Information across the population. a, Directionality of the population tuning. A population (boxed) comprises two neurons with the same tuning (homogeneous): represented are the FIM vector (colored arrow) and local marginal FI (colored solid line) as a function of direction. The population mFI reflects information in a single direction (black line). b, Same as a for a population with heterogeneous tuning: neurons have different direction and magnitude (boxed). The population has information in all directions, and the principal directions of the FIM (black arrows) span the full stimulus space. c, Response maps of 28 auditory driven neurons recorded in the chinchilla ICC. d, same as c for 21 guinea pig ICC neurons. e, Top, Magnitude and direction of best information obtained from the local marginal FI metric (averaged across space). Each point is a different neuron: green, guinea pig; blue, chinchilla. Bottom, Histogram of best direction for all neurons in each species. f, Local marginal FI as a function of stimulus space direction for all neurons bearing ILD information, and (g) contralateral level information. Colors indicate the species. h, Averaged local marginal FI for all chinchilla (N = 28) ICC neurons (plain blue line) and model symmetrical ICC (dashed blue curve).
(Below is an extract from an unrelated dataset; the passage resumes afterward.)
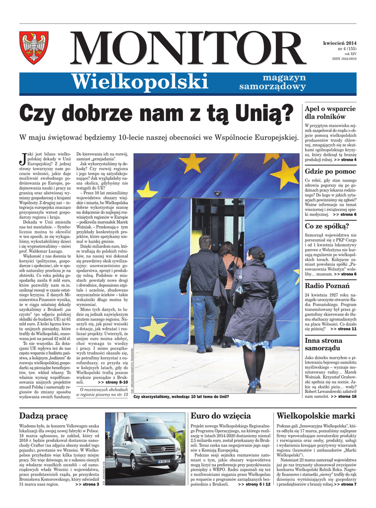 kwiecień 2014 nr 4 (155) rok XIV ISSN 1642-0918 Czy dobrze nam z tą Unią? W maju świętować będziemy 10-lecie naszej obecności we Wspólnocie Europejskiej. Do kierowania ich na rozwój, zamiast „przejadania”. Jak wykorzystaliśmy tę dekadę? Czy rozwój regionu i jego tempo są satysfakcjonujące? Jak wyglądałaby nasza okolica, gdybyśmy nie wstąpili do UE? – Przez 10 lat zmieniliśmy województwo: obszary wiejskie i miasta, bo Wielkopolska dobrze wykorzystuje szansę na dołączenie do najlepiej rozwiniętych regionów w Europie – podkreśla marszałek Marek Woźniak. – Przekonują o tym przykłady konkretnych projektów, które spotykamy niemal w każdej gminie. Dzięki miliardom euro, które trafiają do polskich rolników, na naszej wsi dokonał się prawdziwy skok cywilizacyjny: unowocześniono gospodarstwa, sprzęt i produkcję rolną. Podobnie w miastach: powstały nowe drogi i obwodnice, doposażono szpitale i uczelnie, zbudowano oczyszczalnie ścieków – takie wskaźniki długo można by wymieniać. Mimo tych danych, to ludzie są jednak największym atutem naszego regionu. Nauczyli się, jak pisać wnioski o dotacje, jak wdrażać i rozliczać projekty. Uwierzyli, że unijne euro można zdobyć, choć wymaga to wiedzy i pracy. I mimo początkowych trudności okazało się, że potrafimy korzystać z eurofunduszy, co przyda się w kolejnych latach, gdy do Wielkopolski trafią jeszcze większe pieniądze z Brukseli. >> strony 8-10 O rocznicowych obchodach w regionie piszemy na str. 13 W przyjętym stanowisku sejmik zaapelował do rządu o objęcie pomocą wielkopolskich producentów trzody chlewnej, zmagających się ze skutkami ogólnopolskiego kryzysu, który dotknął tę branżę produkcji rolnej. >> strona 4 Gdzie po pomoc Co robić, gdy stan naszego zdrowia pogorszy się po godzinach pracy lekarza rodzinnego? Do kogo w jakich sytuacjach powinniśmy się zgłosić? Ważne informacje na temat wieczornej i świątecznej opieki medycznej. >> strona 6 Co ze spółką? Samorząd województwa nie porozumiał się z PKP Cargo i od 1 kwietnia lokomotywy parowe z Wolsztyna nie kursują regularnie po wielkopolskich torach. Kolejarze zamiast powołania spółki „Parowozownia Wolsztyn” woleliby… muzeum. >> strona 6 Radio Poznań 24 kwietnia 1927 roku nastąpiło uroczyste otwarcie Radia Poznańskiego. Program transmitowany był przez gigantofony skierowane do tłumu słuchaczy zgromadzonych na placu Wolności. Co działo się później? >> strona 11 Inna strona samorządu FOT. ARCHIWUM KOMITETU REGIONÓW J aki jest bilans wielkopolskiej dekady w Unii Europejskiej? Z jednej strony towarzyszy nam poczucie wolności, jakie daje możliwość swobodnego podróżowania po Europie, podejmowania nauki i pracy za granicą oraz ułatwionej wymiany gospodarczej z krajami Wspólnoty. Z drugiej zaś – integracja europejska znacząco przyspieszyła wzrost gospodarczy regionu i kraju. Dekada w Unii zmieniła nas też mentalnie. – Symbolicznie można to określić w ten sposób, że się wykąpaliśmy, wykształciliśmy dzieci i się wyprostowaliśmy – mówi prof. Waldemar Łazuga. Większość z nas docenia te korzyści (polityczne, gospodarcze i społeczne), ale w sposób naturalny przelicza je na złotówki. Co roku polską gospodarkę zasila 6 mld euro, które pozwoliły nam m.in. uniknąć recesji w czasie ostatniego kryzysu. Z danych Ministerstwa Finansów wynika, że w ciągu ostatniej dekady uzyskaliśmy z Brukseli „na czysto” (po odjęciu polskiej składki do budżetu UE) aż 61 mld euro. Z kolei łączna kwota unijnych pieniędzy, które trafiły do Wielkopolski, szacowana jest na ponad 42 mld zł. To nie wszystko. Za dotacjami UE wpływa też do nas często wsparcie z budżetu państwa, a kolejnym „bodźcem” do rozwoju wielkopolskiej gospodarki są pieniądze beneficjentów, tzw. wkład własny. To właśnie wymóg współfinansowania unijnych projektów zmusił Polskę i samorządy regionów do zmiany sposobu wydawania swoich funduszy. Apel o wsparcie dla rolników Czy skorzystaliśmy, wchodząc 10 lat temu do Unii? Jako dziecko marzyłem o pilotowaniu bojowego samolotu myśliwskiego – wyznaje monitorowany radny… Marek Woźniak. Krzysztof Grabowski spełnia się na scenie. Jakie są skutki picia… wody? Robert Lewandowski załatwił nam samolot. >> storna 16 Euro do wzięcia Wielkopolskie marki Wiadomo było, że koncern Volkswagen szuka lokalizacji dla swojej nowej fabryki w Polsce. 18 marca ogłoszono, że zakład, który od 2016 r. będzie produkował dostawcze samochody Crafter (na zdjęciu obecny model tego pojazdu), powstanie we Wrześni. W Wielkopolsce przybędzie więc kilka tysięcy miejsc pracy. Nic więc dziwnego, że z sukcesu cieszyli się włodarze wszelkich szczebli – od samorządowych władz Wrześni i województwa, przez przedstawicieli rządu, po prezydenta Bronisława Komorowskiego, który odwiedził 31 marca nasz region. >> strona 3 Projekt nowego Wielkopolskiego Regionalnego Programu Operacyjnego, na którego realizację w latach 2014-2020 dostaniemy niemal 2,5 miliarda euro, został przekazany do Brukseli. Teraz czeka nas negocjowanie jego zapisów z Komisją Europejską. Podczas sesji sejmiku rozmawiano natomiast o tym, jakie obszary województwa mogą liczyć na preferencje przy pozyskiwaniu pieniędzy z WRPO. Radni zapoznali się też z możliwościami sięgania przez Wielkopolan po wsparcie z programów zarządzanych bezpośrednio z Brukseli. >> strony 5 i 12 Podczas gali „Innowacyjna Wielkopolska”, która odbyła się 17 marca, poznaliśmy najlepsze firmy wprowadzające nowatorskie produkty i rozwiązania oraz osoby, produkty, usługi i wydarzenia kreujące pozytywny wizerunek regionu (laureatów i ambasadorów „Marki Wielkopolski”). Natomiast 23 marca samorząd województwa już po raz trzynasty uhonorował zwycięzców konkursu Wielkopolski Rolnik Roku. Nagrody finansowe i statuetki „siewcy” trafiły

Arrows represent the principal vectors of the pFIM. Black curve: averaged local marginal FI for the bilateral ICC. i, Same as h for guinea pig ICC neurons (N = 21; colored curve), as well as principal directions and magnitudes of the population FIM.

Figure 6.

Higher dimensional FI. a, Top, A neuron with best information along the x-axis (blue arrow), and its local marginal FI (blue line, arbitrary units). Bottom, the population consisting of one neuron has the same marginal information (gray line). b, A second neuron with best information along the y-axis (green arrow; and its marginal information profile, green line) is added to the population. The population now has information in all (two) stimulus directions, yet reduced in directions bisecting the maximal information of each neuron. c, Same as b with one additional neuron (red arrow and line). d, With a large number of neurons (black arrows) in the population, the information is equal in all directions, as a result the mFI profile is a circle. e, In 3D stimulus spaces, a neuron has information in the z direction (blue arrow). The population mFI is equal and its marginal information profile resembles that of the 2D case (top, blue surface; bottom, gray surface). It is nonzero in all directions except that orthogonal to the direction of best information (x–y, black plane). f, Adding a second neuron (green arrow and line) to the population reduces the dimensionality of the space with zero information to one (bottom, black line). g, A third neuron ensures that information is non-zero in all directions. h, Similar to the one dimensional case, a large population of heterogeneously tuned neurons (top, black arrows) has an equal amount of information in all directions (gray sphere).